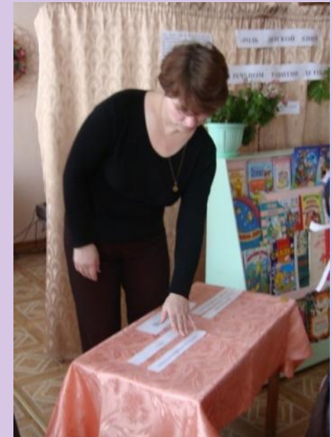
Задание «Определи формы и методы в соответствии с возрастной группой»
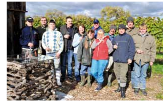
Unser Weingarten-Team bei der Handlese
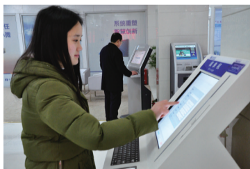
打造智慧网点 推进智慧银行建设
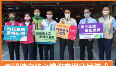
西門健康路立體停車場啟用儀式
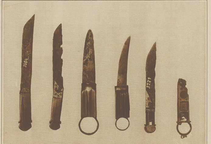
Verschiedene Messerformen. Die beiden Hefte links sind aus Bein mit Bronze, die der Mitte aus Bein mit Eisenring und die beiden rechts aus reiner Bronze
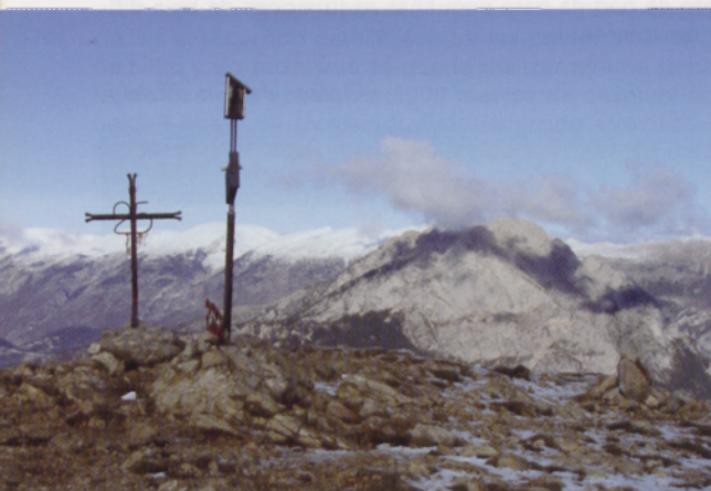
■ El Cap de la Gallina Pelada, cumbre de la sierra de Ensija, con el Pedraforca y el Cadi al fondo
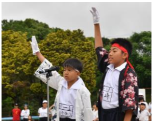
赤白両団長による誓いの言葉

また、競技や演技に取り組む姿だけでなく、4年生以上の係の子供たちは、裏方としても支えてくれていました、思いやりゾーン（今年導入）でのマナー遵守、終了後の片づけに多くのお手伝いをしていただいた保護者の方の支えもあり、心温まる運動会になったことに感謝します。
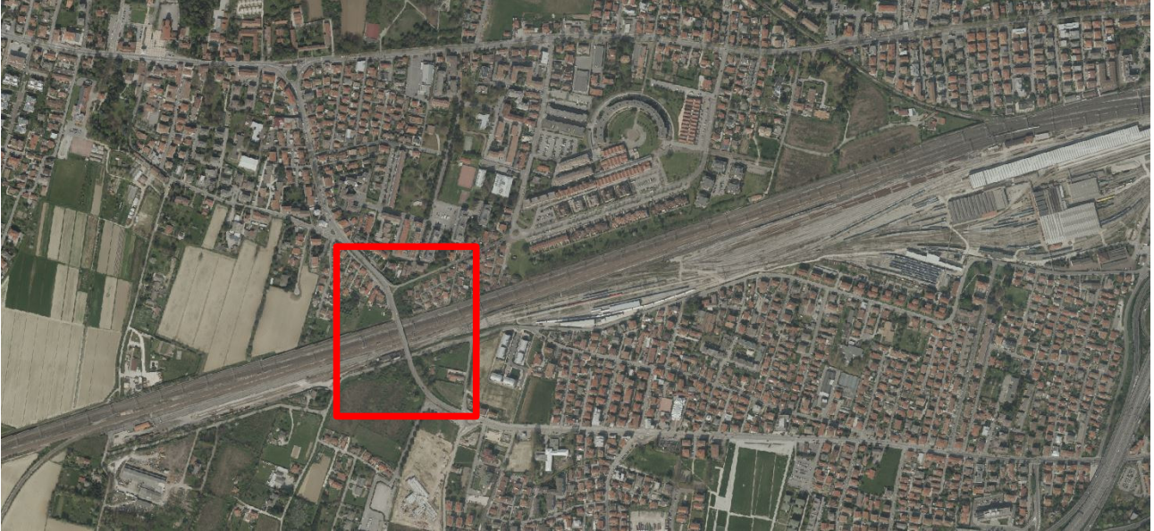
area di intervento
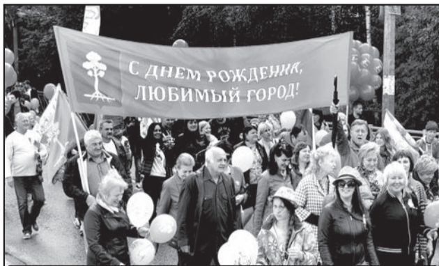
Представители администрации и учреждений.
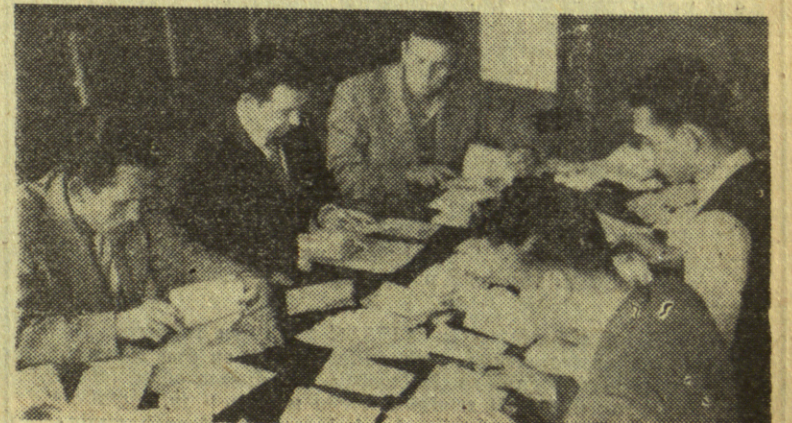
ПОСЛЕ ВЕЛИКОГ БРОЈА ПРИЈАВЉЕНИХ ИСПИТА — СТВАРА СЕ РАСПОРЕД ПОЛАГАЊА

Povoljne okolnosti pod kojima se ona održava i koje su u znaku učvršćenja mira u svetu i iznalaženja oblika i mogućnosti za saradnju sa različitim unutrašnjim uređenjima van svakih blokova — daju nam za pravo kad očekujemo da će i na ovoj konferenciji doći do izražaja pozitivne tendencije za zblizavanjem svih studenata u svetu. To bi bio značajan momenat u razvoju međunarodne studentske (Nastavak na 3 str.)
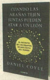
DANIEL COYLE CONECTA PÁGS. 250

• ¿Cómo no hay una única fórmula para el éxito y cuáles son las alternativas?
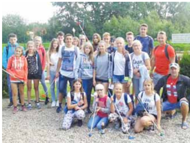
Ekipa UKS Jedyńka Łowicz trenowała w Pogorzeliczy.

Pogoda nie rozpieszczała młodych sportowców, a wszystkie zajęcia odbywały się na dworze, zatem lekkoatleci musieli wykazać się dobrą wytrzymałością i odpornością. Oprócz co-
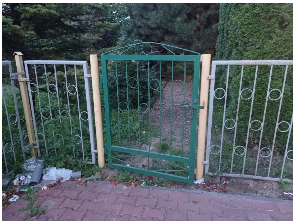
Fot. 12. Ogrodzenie wewnętrzne – bramka BR4
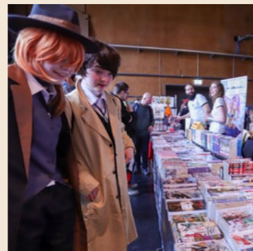
Besucher und Aussteller am Nerdyflohmarkt in Olten.
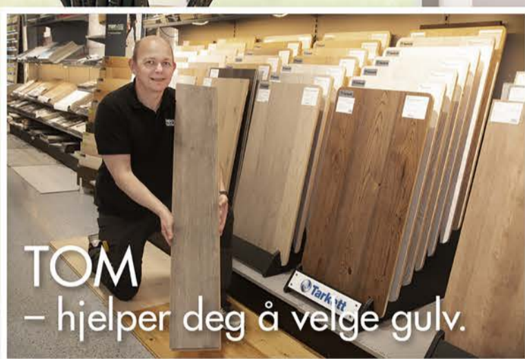
TOM – hjelper deg å velge gulv.
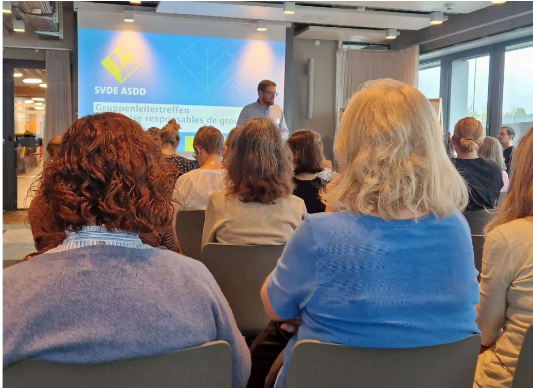
Treffen der Gruppenleiter/innen vom 27. Oktober 2023
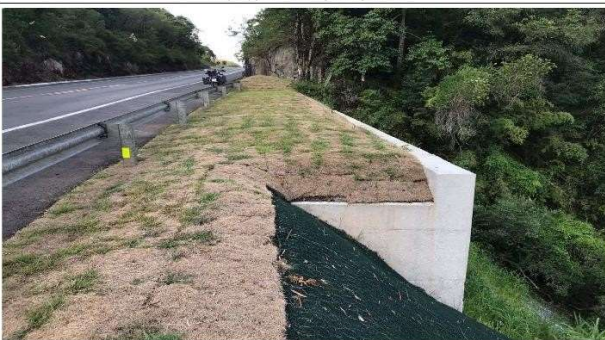
FASE 10 - OBRA CONCLUIDA
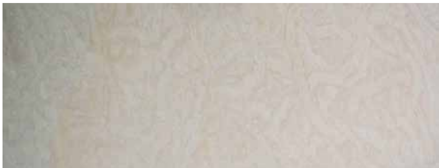
CALIZA FANTASY APOMAZADA
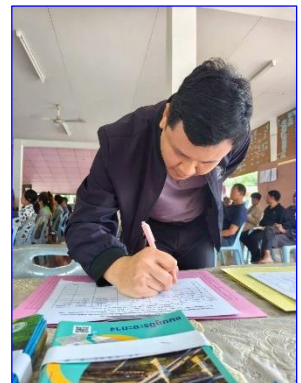
ผู้เข้าร่วมประชุม ลงทะเบียน รับเอกสาร
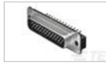
15 PLUG ACT PIN/MS (SL)
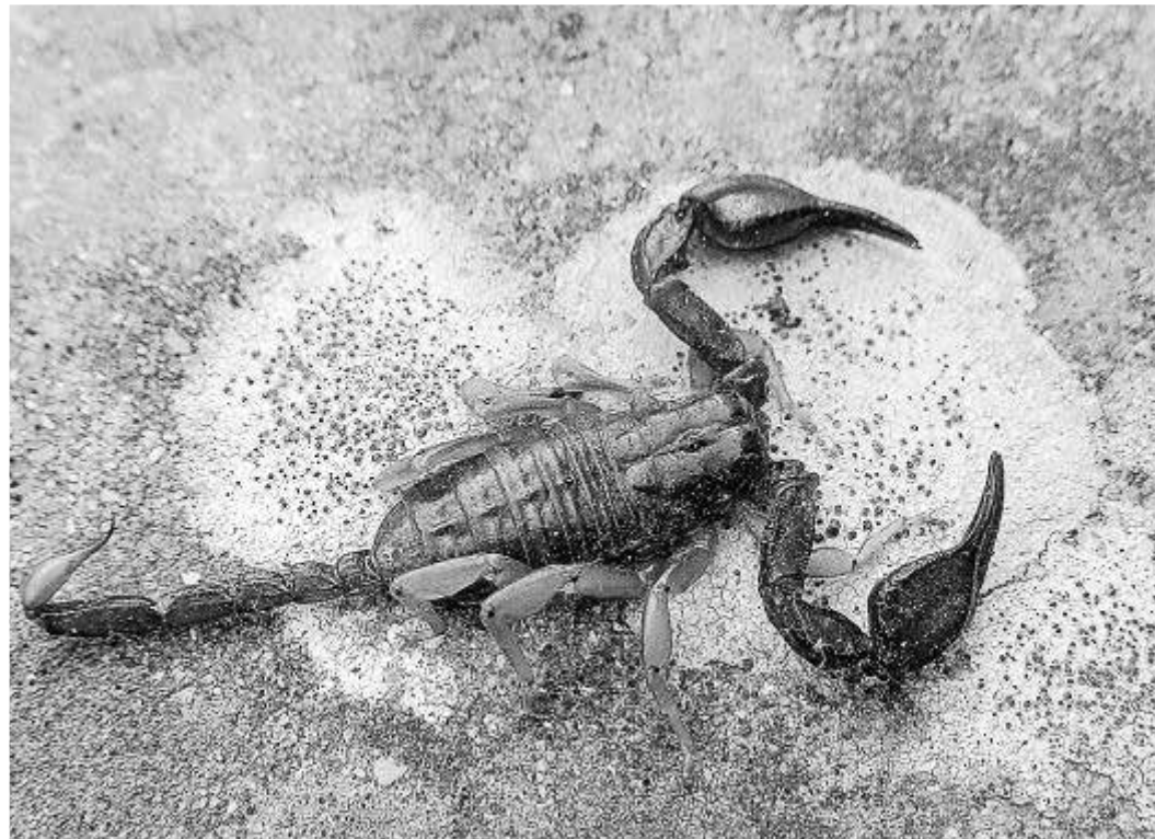
Aspecte. Coneguts per la seva anatomia, els escorpins estan emparentats amb les aranyes.

L'escorpí negre viu solitari a enfons, sota pedres o a racons humits de les cases, com els soterranis. La seva activitat és nocturna. Cacen tot tipus d'animalons que troben a aquests ambients, com paneres, cinquanta-cames, someretes de bolla, o altres escorpins! Cacen a l'aguait, esperant
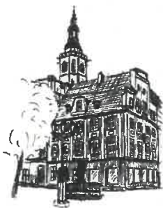
Rynek Wleża ratuszowa
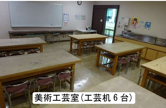
美術工芸室(工芸机6台)

☆ ☆ ☆ ☆

**Work order**
Pictures do not belong in the answer. Return the lines above starting at the one with "DANIEL COYLE CONECTA PÁGS. 250" and ending at the one with "Aspecte. Coneguts per", both kept, exactly.

**Exercise solution**
DANIEL COYLE CONECTA PÁGS. 250

• ¿Cómo no hay una única fórmula para el éxito y cuáles son las alternativas?
Ekipa UKS Jedyńka Łowicz trenowała w Pogorzeliczy.

Pogoda nie rozpieszczała młodych sportowców, a wszystkie zajęcia odbywały się na dworze, zatem lekkoatleci musieli wykazać się dobrą wytrzymałością i odpornością. Oprócz co-
Fot. 12. Ogrodzenie wewnętrzne – bramka BR4
Besucher und Aussteller am Nerdyflohmarkt in Olten.
TOM – hjelper deg å velge gulv.
Treffen der Gruppenleiter/innen vom 27. Oktober 2023
FASE 10 - OBRA CONCLUIDA
CALIZA FANTASY APOMAZADA
ผู้เข้าร่วมประชุม ลงทะเบียน รับเอกสาร
15 PLUG ACT PIN/MS (SL)
Aspecte. Coneguts per la seva anatomia, els escorpins estan emparentats amb les aranyes.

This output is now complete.